Data extracts —
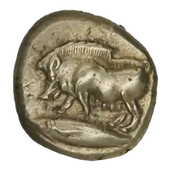 - 1 2 3 4 Булатович С. А. О классификации и хронологии электровых монет Кизика // Нумизматика античного Причерноморья : Сборник научных трудов / Ред. Янин В. Л., Булатович С. А., Дзис-Райко Г. А., Охотников С. Б., Шелов Д. Б. — Киев: Наукова думка, 1982. Архивировано 25 августа 2019 года. Со ссылкой на работы К. Реглинга и других исследователей.
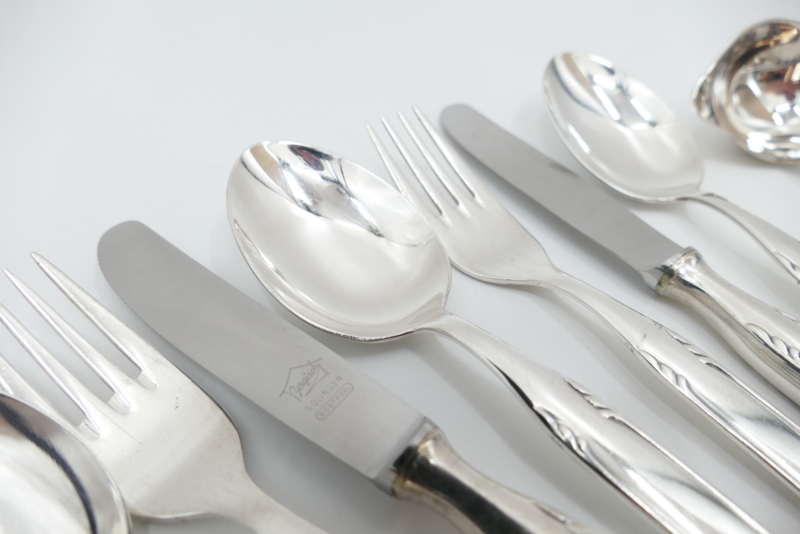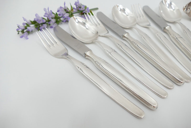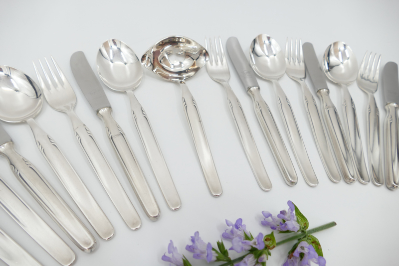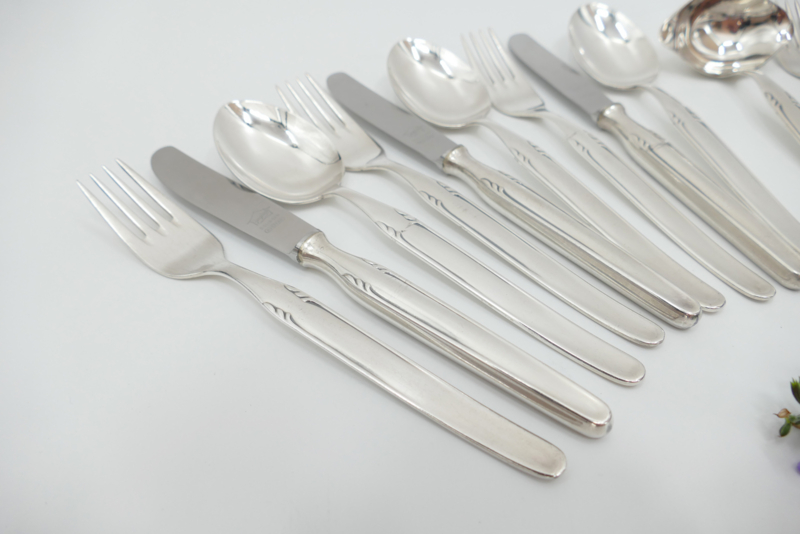 Een fraaie verzilverde bestekset met een typisch jaren 1960-patroon. Deze set is geschikt voor 6 personen en verzilverd op basis van 100 gram. en in uitstekende conditie.
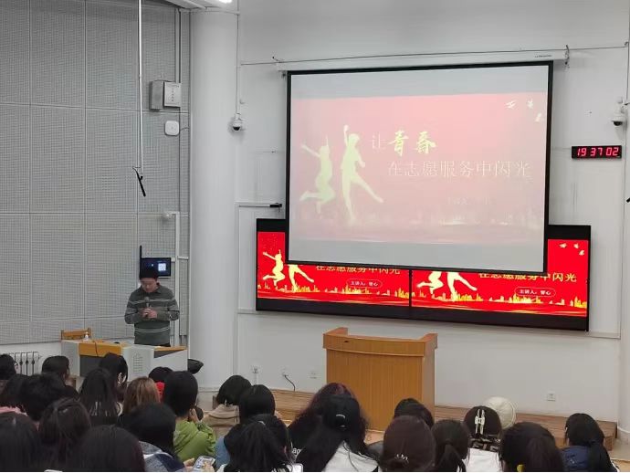 分享会由团总支高晗老师主持,会议伊始,研究生二年级的管心学长向大家分享了他的志愿活动经历。他详细地介绍了参与志愿活动的几条途径:在校内可以关注校团委和学院微信公众号,参加由学校和学院蜜蜂公益志愿服务台组织的暑期“三下乡”社会实践活动,校外假期可以通过当地的一些市团委、县团委等公众号发布的志愿活动信息,选择报名。管心同学细致入微的发言让现场的气氛活跃了起来,让同学们对于社会实践活动有了初步的认识。
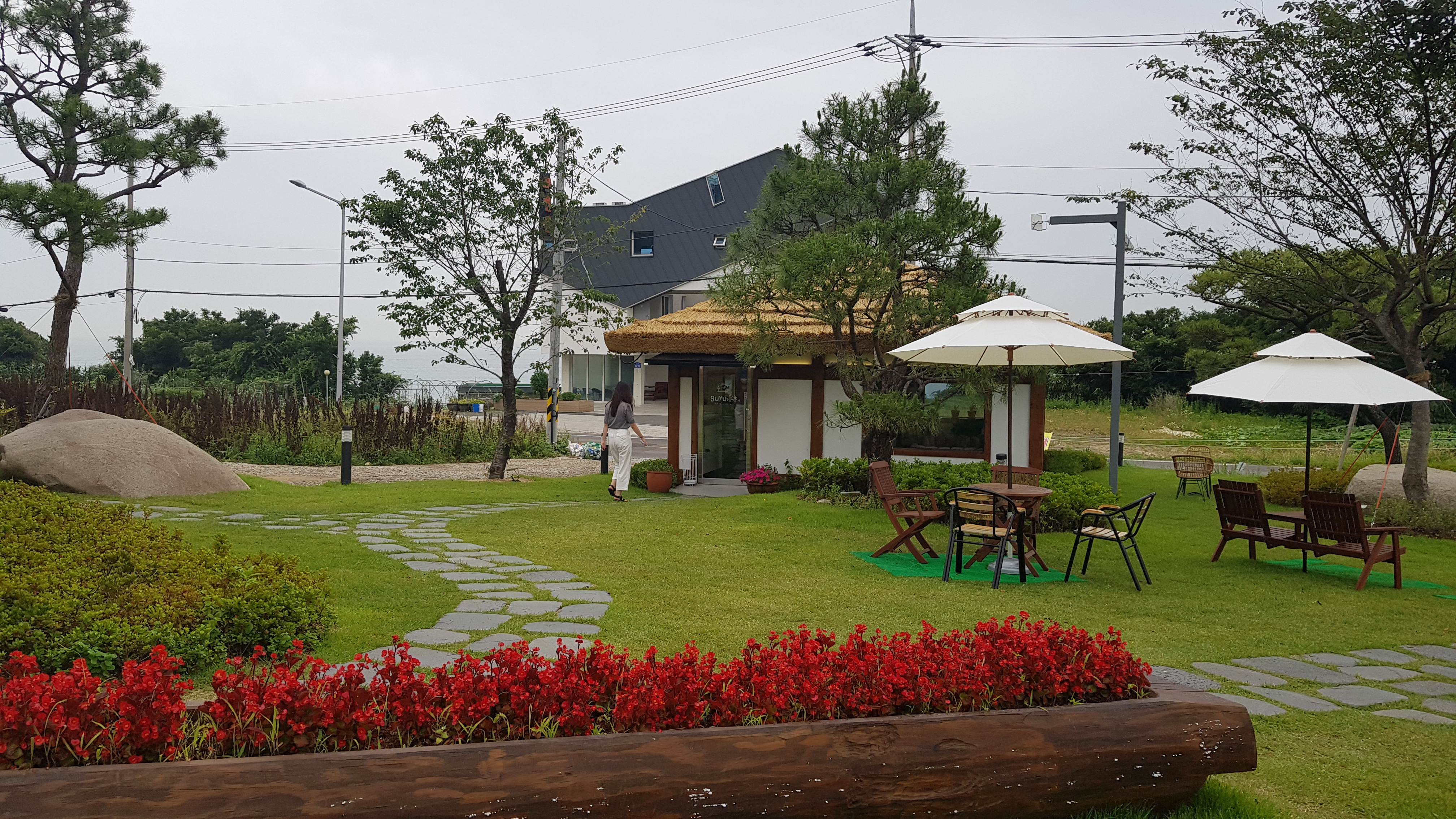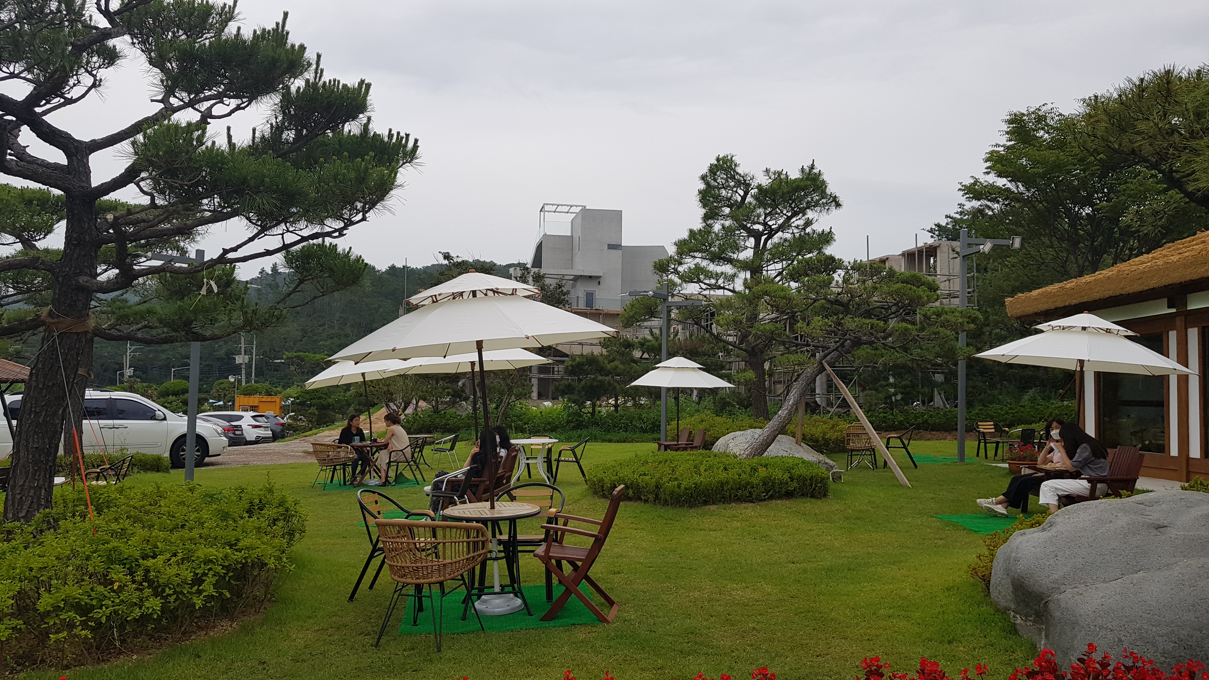 주차장에서 보이는 카페 건물로 걸어올라간다. 잔디가 깔려 있는 정원에 아외테이블마다 펼쳐져 있는 하얀파라솔이 눈에 띈다.
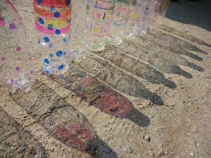 模様を描いたペットボトルを
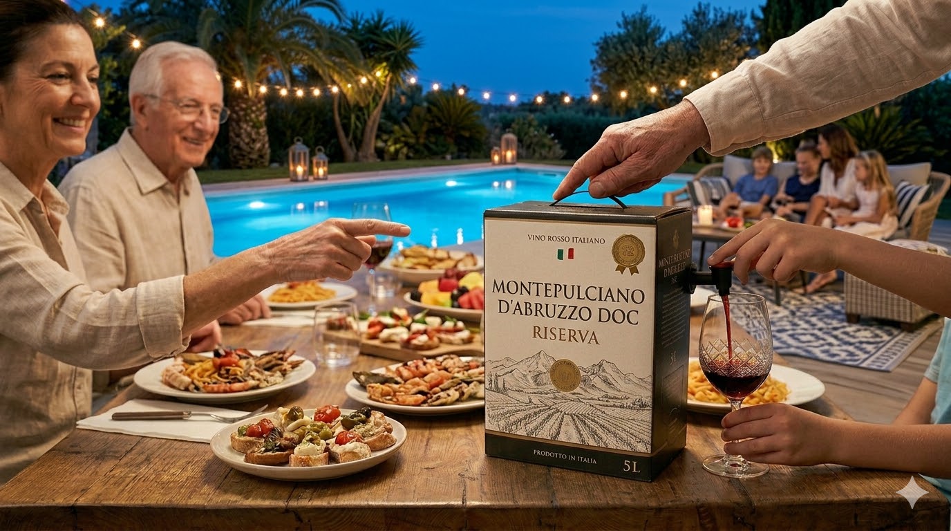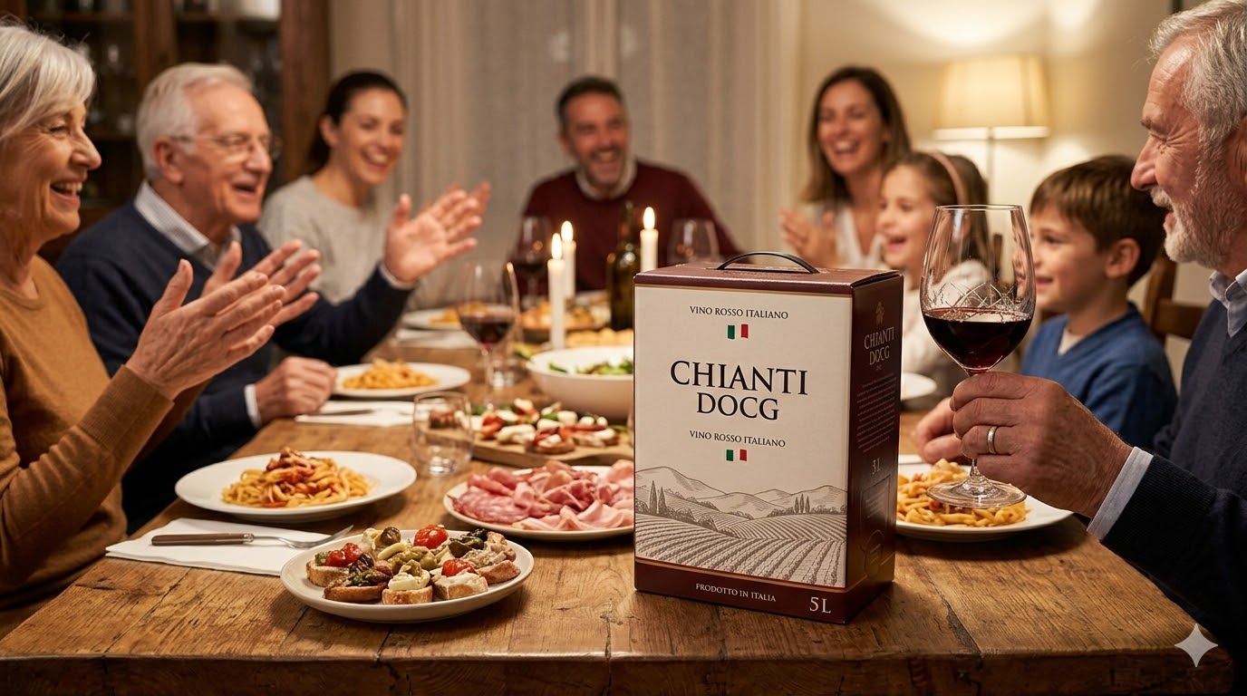 Cho tiệc gia đình, họp mặt bạn bè: Vang bịch Ý 3 lít dòng Primitivo hoặc Montepulciano – dễ uống, hợp đa dạng khẩu vị, rót được khoảng 20 ly.

Exercise prompt — All lines from the one holding "分享会由团总支高晗老师主持,会议伊始,研" through the last line of the material above should be set down exactly, and the pictures should be left out.

Answer to the problem —
 分享会由团总支高晗老师主持,会议伊始,研究生二年级的管心学长向大家分享了他的志愿活动经历。他详细地介绍了参与志愿活动的几条途径:在校内可以关注校团委和学院微信公众号,参加由学校和学院蜜蜂公益志愿服务台组织的暑期“三下乡”社会实践活动,校外假期可以通过当地的一些市团委、县团委等公众号发布的志愿活动信息,选择报名。管心同学细致入微的发言让现场的气氛活跃了起来,让同学们对于社会实践活动有了初步的认识。
 주차장에서 보이는 카페 건물로 걸어올라간다. 잔디가 깔려 있는 정원에 아외테이블마다 펼쳐져 있는 하얀파라솔이 눈에 띈다.
 模様を描いたペットボトルを
 Cho tiệc gia đình, họp mặt bạn bè: Vang bịch Ý 3 lít dòng Primitivo hoặc Montepulciano – dễ uống, hợp đa dạng khẩu vị, rót được khoảng 20 ly.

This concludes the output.